Home / Health / Atlantic coastline dwellers decry dead fishes on Bayelsa shoreline, seek investigation

Atlantic coastline dwellers decry dead fishes on Bayelsa shoreline, seek investigation

Residents along Foropa, Sangana axis of the Atlantic coastline in Bayelsa state, Nigeria have reported sighting dead fishes littering the shoreline.

Some of the residents who spoke on the development said the occurrence was noticed since March 15 and was yet to abate fueling fears of pollution of the country’s territorial waters by toxic substances.

Mr Leghemo Ebrasin, a youth leader said the development was strange and could be an indication of increased toxicity of the Atlantic ocean which could impact residents.

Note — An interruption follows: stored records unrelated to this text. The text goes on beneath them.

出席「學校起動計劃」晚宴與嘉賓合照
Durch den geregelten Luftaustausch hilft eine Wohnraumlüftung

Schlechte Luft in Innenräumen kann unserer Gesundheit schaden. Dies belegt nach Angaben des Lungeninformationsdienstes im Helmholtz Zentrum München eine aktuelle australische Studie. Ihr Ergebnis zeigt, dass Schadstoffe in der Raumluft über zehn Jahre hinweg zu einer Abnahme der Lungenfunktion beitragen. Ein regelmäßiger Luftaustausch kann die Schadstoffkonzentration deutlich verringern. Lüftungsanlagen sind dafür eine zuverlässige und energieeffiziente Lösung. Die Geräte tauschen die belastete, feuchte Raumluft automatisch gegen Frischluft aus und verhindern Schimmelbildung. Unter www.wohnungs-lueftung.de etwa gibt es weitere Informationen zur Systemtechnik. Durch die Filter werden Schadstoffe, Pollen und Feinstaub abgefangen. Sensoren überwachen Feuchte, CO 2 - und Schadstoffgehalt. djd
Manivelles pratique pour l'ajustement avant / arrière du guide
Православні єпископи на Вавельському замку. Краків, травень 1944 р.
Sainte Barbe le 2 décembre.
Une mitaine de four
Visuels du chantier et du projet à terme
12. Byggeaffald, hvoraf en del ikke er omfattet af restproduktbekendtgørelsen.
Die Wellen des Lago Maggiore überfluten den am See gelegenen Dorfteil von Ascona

Ebrasin, who hails from Koluama, a settlement on the Atlantic shoreline, Southern Ijaw local Government Area of Bayelsa urged oil firms operating in the area to close ranks with the oil industry regulators to trace the source of the pollution.

“The residents on the shoreline are concerned and worried about what is happening with the coastline littered with dead fishes, the maritime environment supports our livelihood which is fishing.

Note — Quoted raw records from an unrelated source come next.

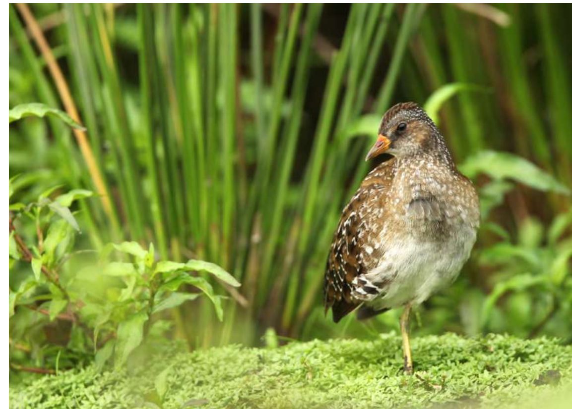
Porseleinhoen kan in de toekomst hopelijk profiteren van de uitvoer van het specifieke soortbeschermingsplan. Door de nog deels uit te voeren Sigma-natuurinrichting zullen ongetwijfeld nieuwe, voor de soort geschikte locaties in onze riviervalleien ontstaan - Glenn Vermeersch
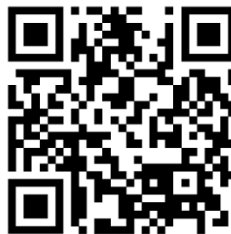
Film scolarité obligatoire (français)
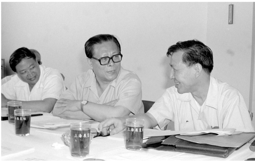
上图:1985年,江泽民同志在上海市八届人大四次会议上。
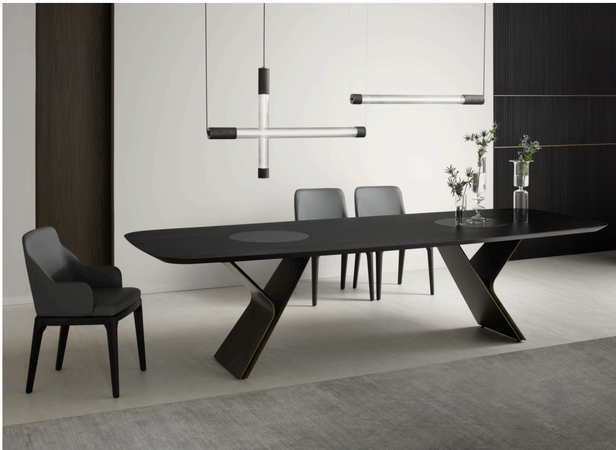
Immagine di riferimento Example image
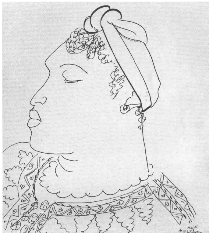
黑女人侧面像 马蒂斯 (法)

马蒂斯以极简略的线条所勾画出的肖像，具有传神而富于语言韵味的特质，说明速写本身已具有艺术创作的丰富内涵。
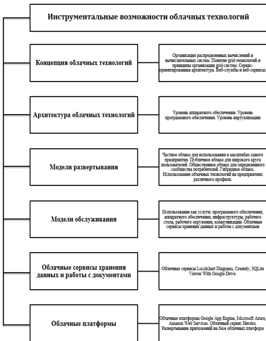
Рис. 2. Содержание модуля «Инструментальные возможности облачных технологий»

Таким образом, анализ современной нормативно-правовой базы и результатов двустороннего анкетирования позволили определить уровень необходимой корреляции требований ФГОС ВО и профессиональных стандартов к будущим специалистам в области ИСИТ в вопросах использования облачных технологий, что помогло скорректировать рабочие программы курсов, а также адаптировать существующие методики обучения.
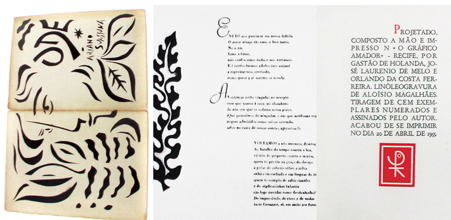
Figura 2: Capa de Ode , em linólio, de 1955. Página com xilo, de 1957, e colofão à direita.

O Gráfico Amador. Criado no Recife, por um grupo de intelectuais: “...pessoas interessadas na arte do livro. Fundado em 1954, tem a finalidade de editar, sob cuidadosa forma gráfica, textos literários cuja extensão não ultrapasse as limitações de uma oficina de amadores. Os trabalhos são projetados e realizados por Aloísio Magalhães, Gastão de Holanda, José Laurêncio de Melo e Orlando da Costa Ferreira”. Encerra suas atividades em 1961.

“The same environment hosts oil operations with several oil blocks in the area operated by many oil firms and I believe the safety of their operational environment should be of concern to the operators of these oilfields too.

“There is need for an industry-wide joint investigation involving the regulators and all operators with community and government representatives at the three tiers to find out the cause of the massive death of fish species.

“My parents are both in the fishing vocation and have refrained from going to fish out of concern for the public health implication of contaminated toxic fish,” the youth leader said.

Michael Owin, who resides at Sangana, a coastline settlement in Bayelsa, said that the people have been seeing dead fishes washed ashore and dropped by the tide on a daily basis from the middle of March.

According to him, some unsuspecting people have picked the dead fishes taking them for ‘stranded’ and eaten them.

“It is not unusual to find fishes dropped at the coastline after the tide goes down but the number is making us curious to suspect that the marine ecosystem must be getting much toxic.

“The common fish species here are known to be resilient and sensitive, one would have expected them to migrate deeper but their death in numbers may be an indication of crisis,” he said.

Ebi Seigha, a fisherman in Southern Ijaw Local Government Area told NAN that the fishing communities were worried at the development, adding that they were concerned about the safety of their catch.

Another resident at Foropa, a coastline community in Bayelsa, Mr Ekemeghesuotei Sese, said an environmental audit of materials used by oil companies was desirable to ascertain the safety of people in the area.

He said that such a development was capable of wiping off species of sea creatures in the food chain.